Charlatans become especially prevalent in ages of “rapid development of the sciences, or quickened progress in technology” says scholar

NYTimes excerpt, June 2018

Ms. De Francesco explains that the word “charlatan” comes from the Italian “ciarlatano,” itself probably related to the verb “ciarlare,” which means to babble or to go on incessantly without reflection. The original charlatans would babble on and on to mesmerize their audiences.

Medieval and Renaissance mountebanks often employed elaborate shows featuring musicians, clowns and performing animals to captivate an audience on the town square. Ms.
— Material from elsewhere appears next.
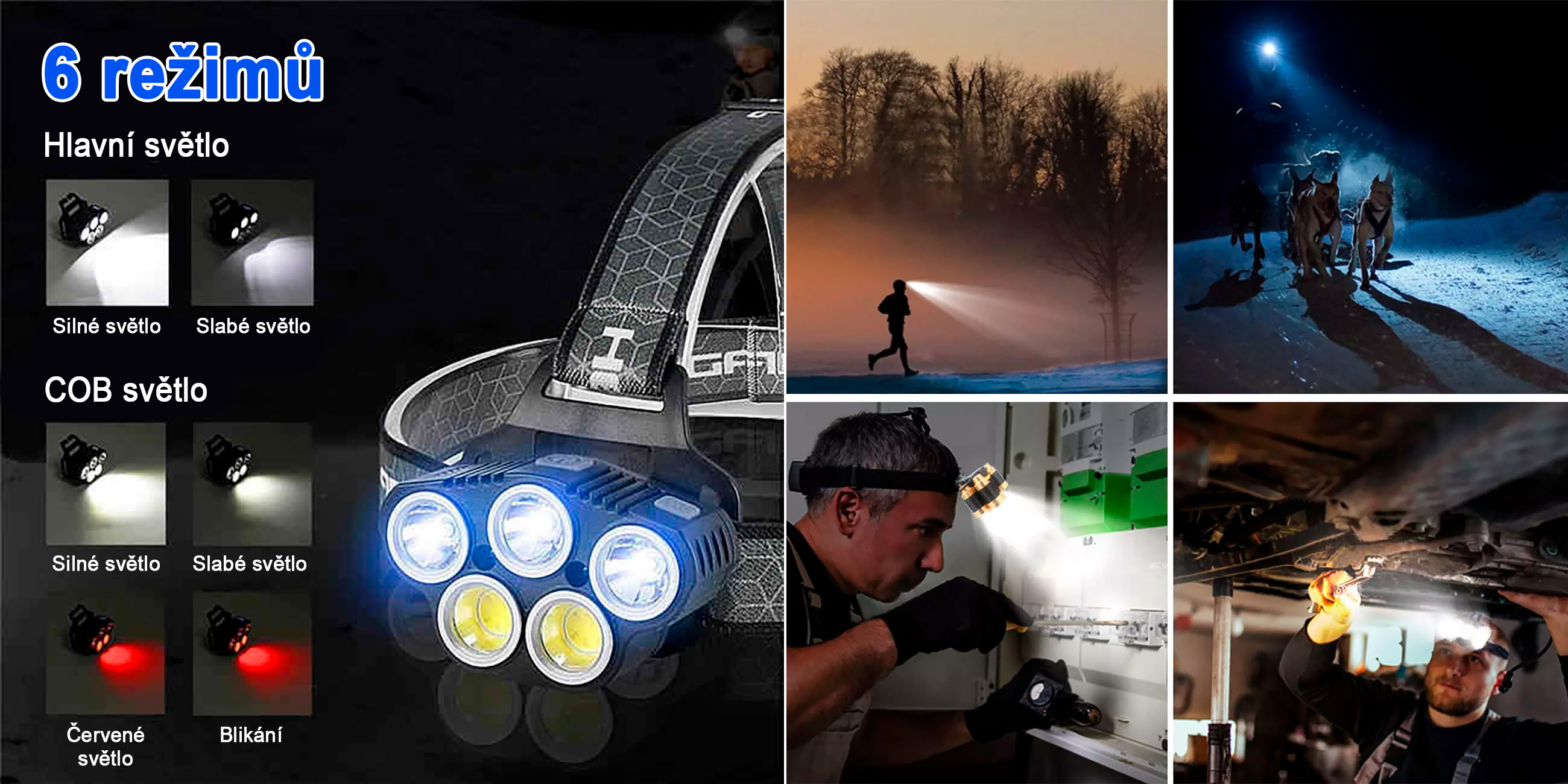 - 6 světelných režimů – přizpůsobení pro různé situace

De Francesco observes that this was the beginning of the mass communication techniques perfected by the public relations and advertising industries.

Crucially, the charlatan provides palliatives for a confused public. These nostrums can be either literal pills or phony ideas, for as Ms. De Francesco notes, “a quack is a quack — whether he sells opinions or elixirs.” Frequently they sell both. See for example Alex Jones, one of the most popular charlatans of the present age. He peddles bizarre conspiracy theories, including that the Sandy Hook shooting was a hoax, but also his own line of snake oil in the form of dubious dietary supplements. A similar case is Mike Cernovich, who hawks “Gorilla Mindset: Timeless Strategies to Unleash the Animal Within You” as a way for the proverbial 90-pound weakling to become an alpha male.

In these periods, conspiracy theories and simplistic reductions of social ills function the same way as quack medicine: They seem to provide a cure, but since they only further inflame the underlying fears, they are just driving their own demand.

Like the clowns he shared the town square with, a good charlatan could often juggle, simultaneously keeping up pretensions to scientific rigor and mystical profundity.